Last week we learned that a group was circulating a petition calling for Public Safety Building renovations to be considered at a town-wide election. They said, in part, that not enough people had attended the Town Meeting held Saturday, June 20, for the approval of the Public Safey Building project to count for anything.

This move comes six years after the group — opposed to much that Town Meeting and the town in general do — worked to get 200 signatures on a petition in order to call for a reconsideration of a  a downtown parking garage. The project to create more parking for businesses and their customers was a two story garage with 198 spaces to be built by Shelter Development, the construction arm of the company that owns Brightview Senior Living. Shelter would have covered the cost of the $5 million garage. The company also would have funded a new $250,000 drain line, a new $500,000 sewer line and various downtown upgrades to gas and electrical service. The town would have realized a net gain of over $1.5 million over the first 20 years of the parking garage’s use.

The project overwhelmingly passed at a February 6, 2014 Special Town Meeting, 148-36, in a vote that required two-thirds majority approval.

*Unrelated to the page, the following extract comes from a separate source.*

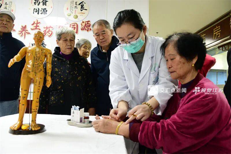 10月22日,镇江市七里甸街道金星社区联合宝塔路社区卫生服务中心中医馆开展“感受中医魅力”活动,医务人员为社区居民讲解中医药与健康养生知识,提供针灸、推拿等义诊服务。石玉成 摄 视觉江苏网供图

After that, opponents of the garage took to the pages of this paper and to social media to talk about how bad the project was for everyone. One of them told us privately that the drawings shown over and over again in public meetings were fake; the garage would tower over the downtown, six, seven, eight stories high. The downtown, another said, was not the place for a downtown parking garage. Still another questioned how the parking garage wasn’t going to cost the town millions of dollars in the long run. 

The parking garage failed in a town-wide vote, thanks partly to this type of negative, falsehood-driven campaign.

As opponents fight against the recently-approved Public Safety Building improvements in 2020, we urge everyone to do their homework by going to the town’s website to pore over the extensive details of the plan.

Don’t fall for the misleading statements that are certain to come. You will end up regretting it if you do.